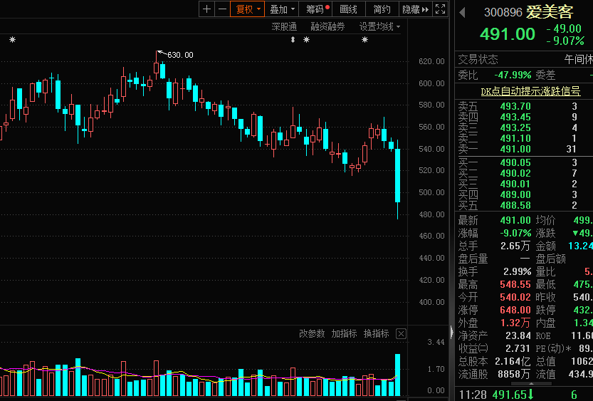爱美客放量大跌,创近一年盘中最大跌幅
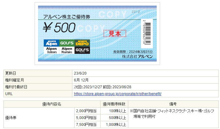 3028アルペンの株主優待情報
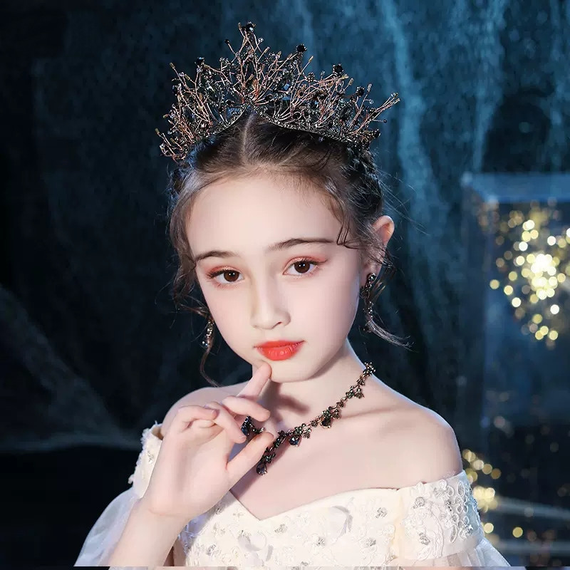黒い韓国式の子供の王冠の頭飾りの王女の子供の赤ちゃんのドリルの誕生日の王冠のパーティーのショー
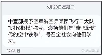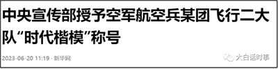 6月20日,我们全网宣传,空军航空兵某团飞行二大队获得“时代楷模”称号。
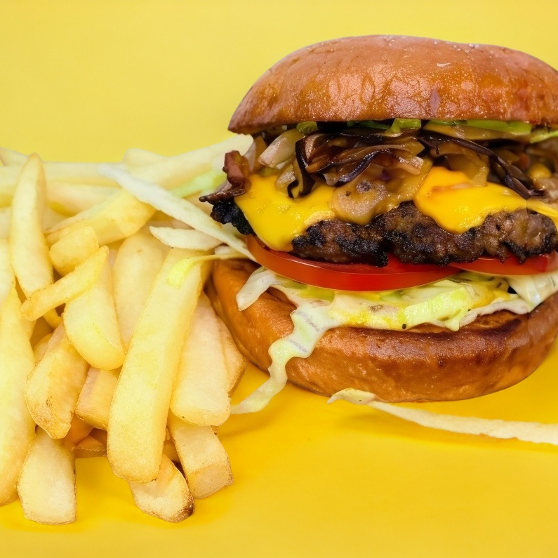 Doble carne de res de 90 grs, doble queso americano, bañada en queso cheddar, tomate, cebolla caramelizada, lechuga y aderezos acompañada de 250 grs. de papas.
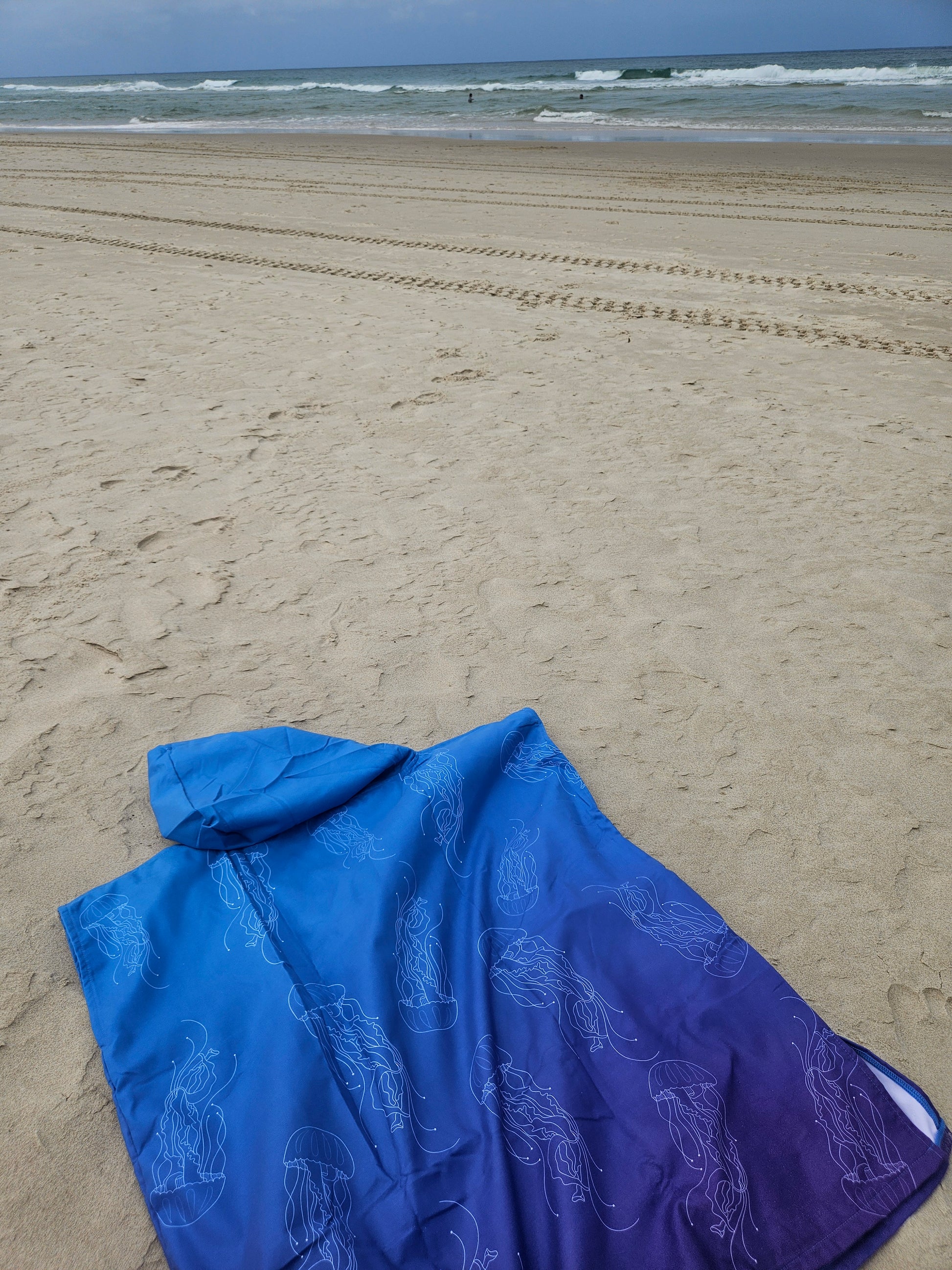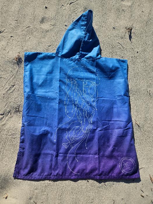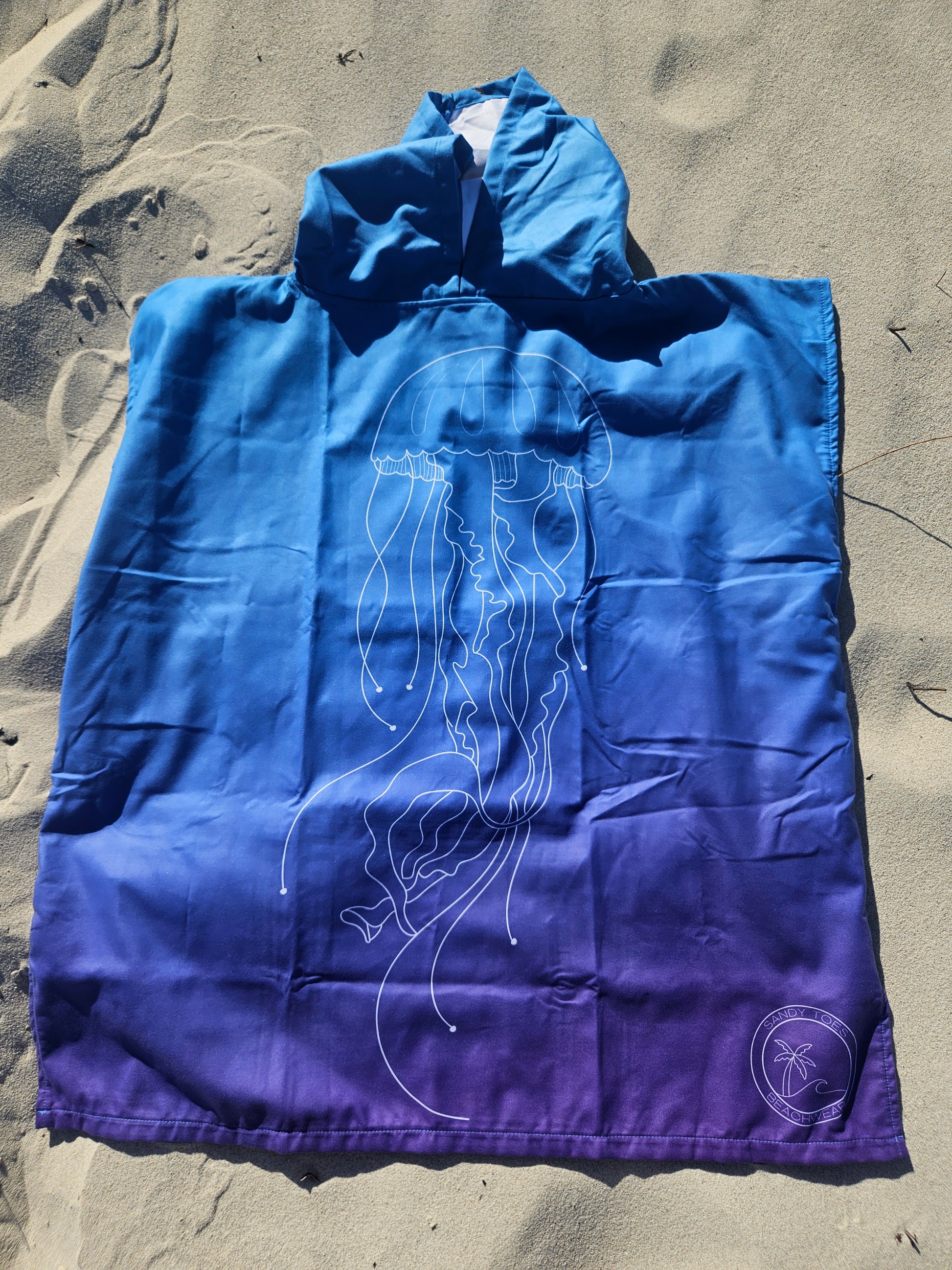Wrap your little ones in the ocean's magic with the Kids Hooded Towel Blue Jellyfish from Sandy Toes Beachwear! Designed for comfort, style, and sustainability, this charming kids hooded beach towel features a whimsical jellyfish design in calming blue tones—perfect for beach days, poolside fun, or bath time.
++++++
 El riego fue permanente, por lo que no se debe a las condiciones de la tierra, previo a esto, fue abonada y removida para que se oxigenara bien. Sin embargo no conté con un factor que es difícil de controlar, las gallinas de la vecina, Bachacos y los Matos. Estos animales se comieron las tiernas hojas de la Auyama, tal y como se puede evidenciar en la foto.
++++++
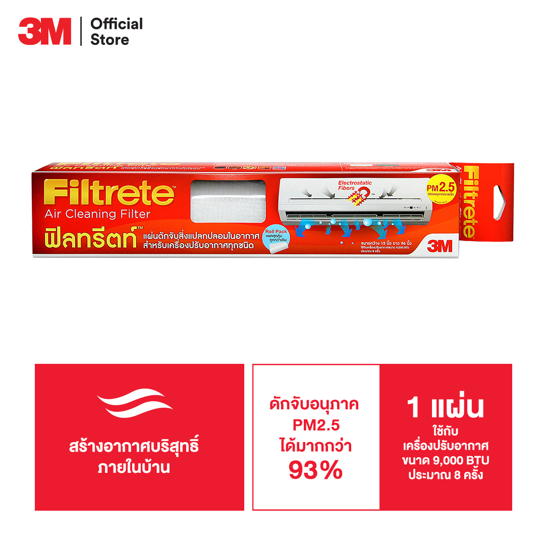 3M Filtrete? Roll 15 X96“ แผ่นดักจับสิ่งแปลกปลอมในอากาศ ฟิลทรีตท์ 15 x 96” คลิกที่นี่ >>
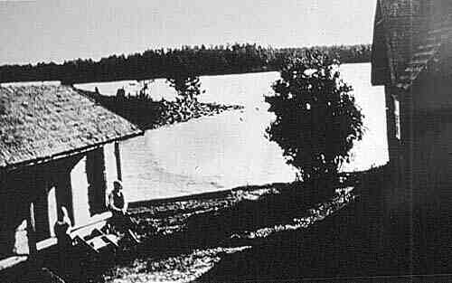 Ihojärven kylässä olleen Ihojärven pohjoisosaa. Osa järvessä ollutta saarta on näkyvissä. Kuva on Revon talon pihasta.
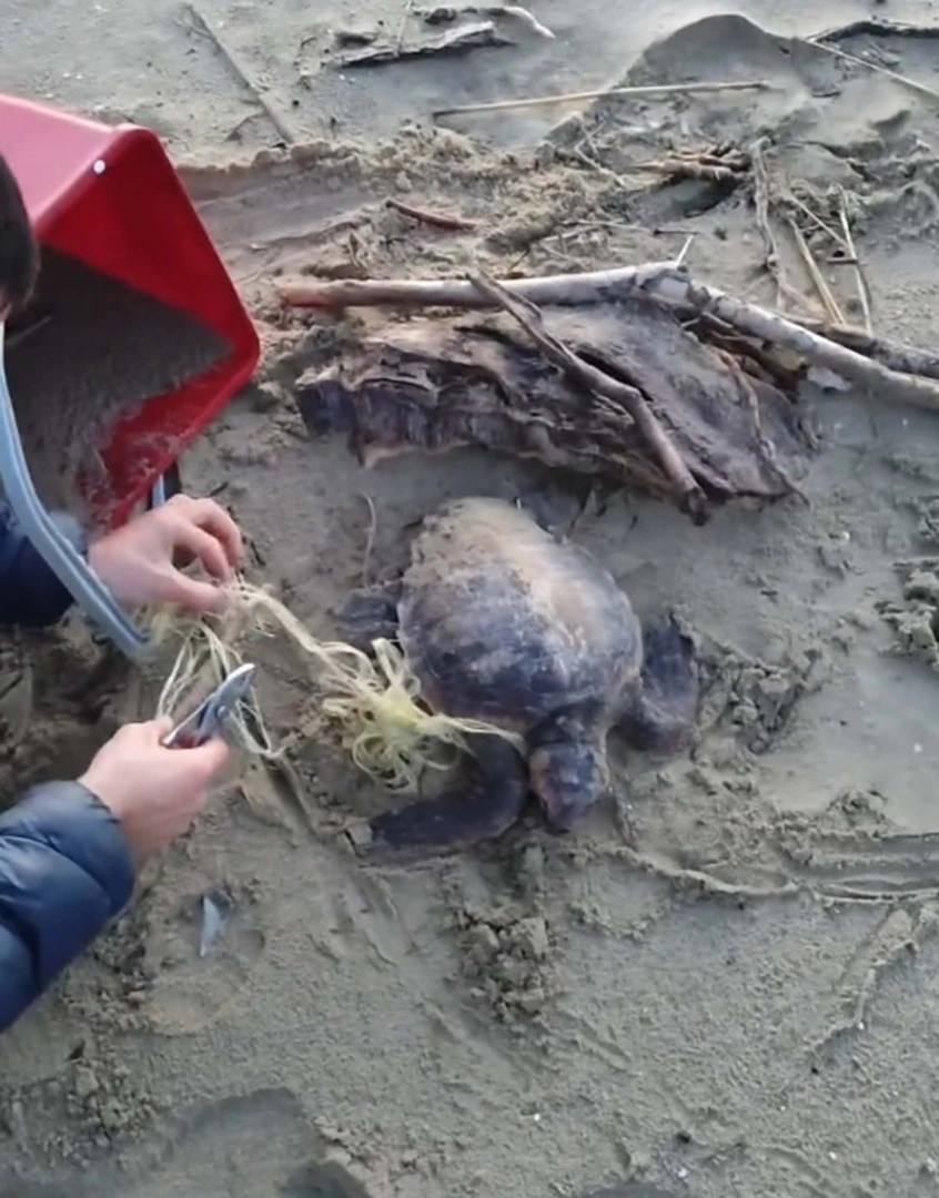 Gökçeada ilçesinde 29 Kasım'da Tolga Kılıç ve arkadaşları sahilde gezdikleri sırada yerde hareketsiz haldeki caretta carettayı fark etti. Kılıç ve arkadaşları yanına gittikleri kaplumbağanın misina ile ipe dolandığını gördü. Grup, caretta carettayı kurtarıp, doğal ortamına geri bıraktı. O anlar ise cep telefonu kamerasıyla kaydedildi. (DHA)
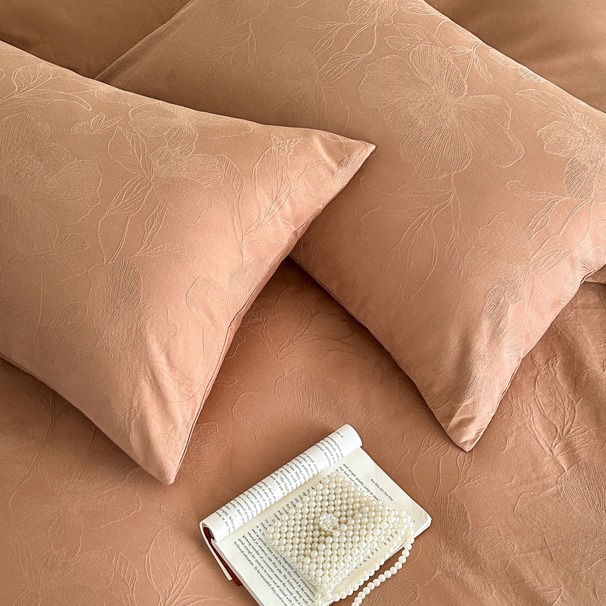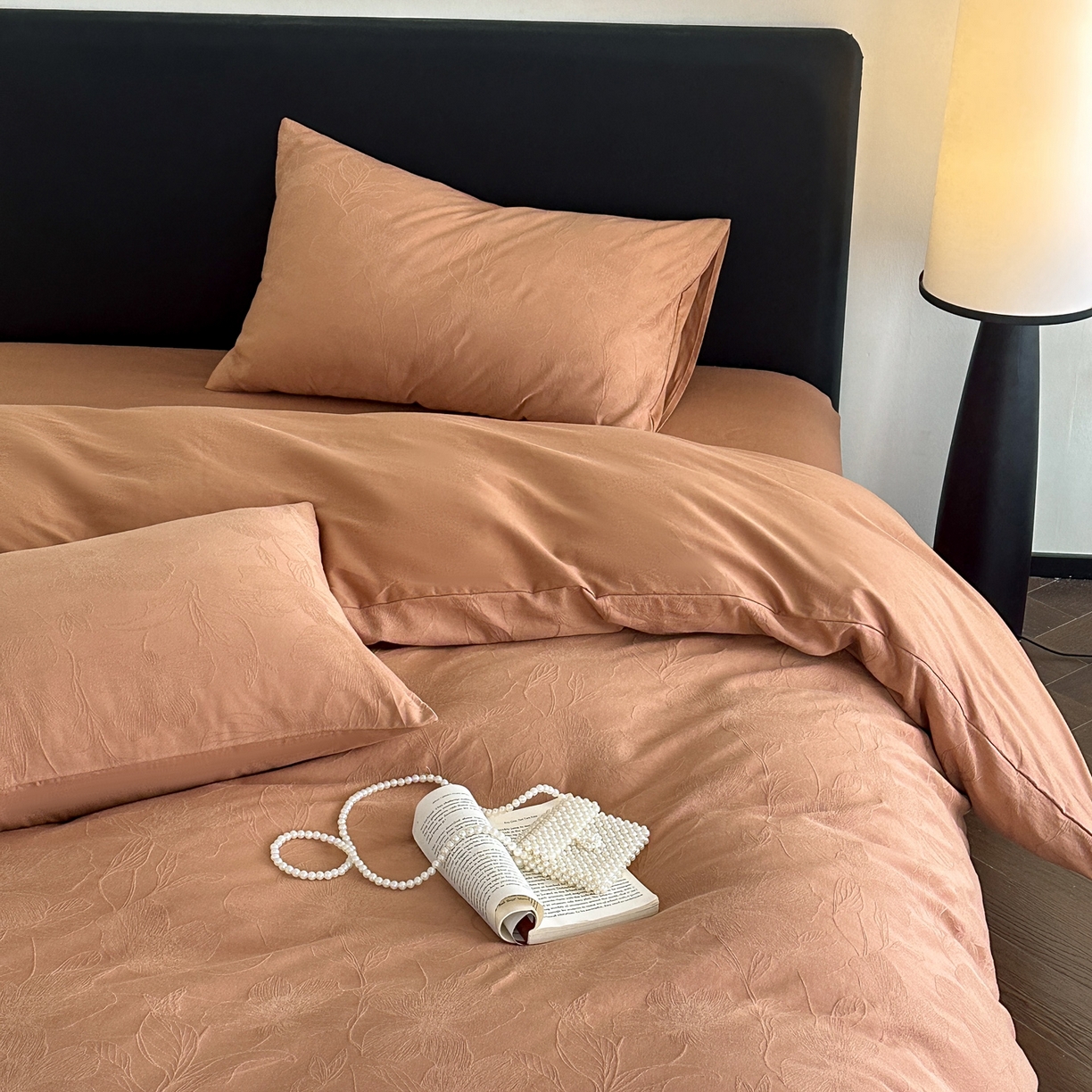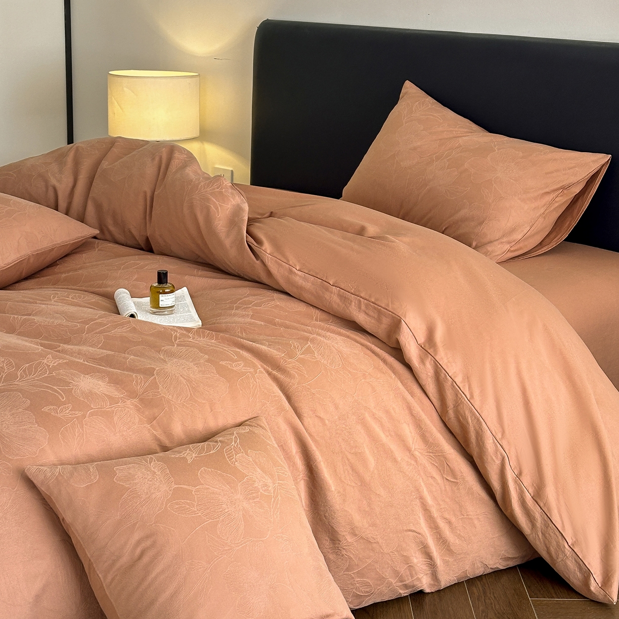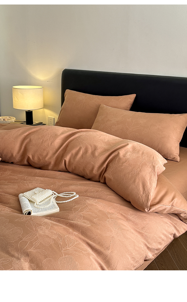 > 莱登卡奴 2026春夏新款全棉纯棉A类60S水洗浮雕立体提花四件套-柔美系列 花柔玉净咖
++++++
**What is required:**
What lines above run from the one with "爱美客放量大跌,创近一年盘中最大跌幅" to the one with "Wrap your little"? Give them again exactly, ends included, and leave the pictures out.

**Completed task:**
爱美客放量大跌,创近一年盘中最大跌幅
 3028アルペンの株主優待情報
黒い韓国式の子供の王冠の頭飾りの王女の子供の赤ちゃんのドリルの誕生日の王冠のパーティーのショー
 6月20日,我们全网宣传,空军航空兵某团飞行二大队获得“时代楷模”称号。
 Doble carne de res de 90 grs, doble queso americano, bañada en queso cheddar, tomate, cebolla caramelizada, lechuga y aderezos acompañada de 250 grs. de papas.
Wrap your little ones in the ocean's magic with the Kids Hooded Towel Blue Jellyfish from Sandy Toes Beachwear! Designed for comfort, style, and sustainability, this charming kids hooded beach towel features a whimsical jellyfish design in calming blue tones—perfect for beach days, poolside fun, or bath time.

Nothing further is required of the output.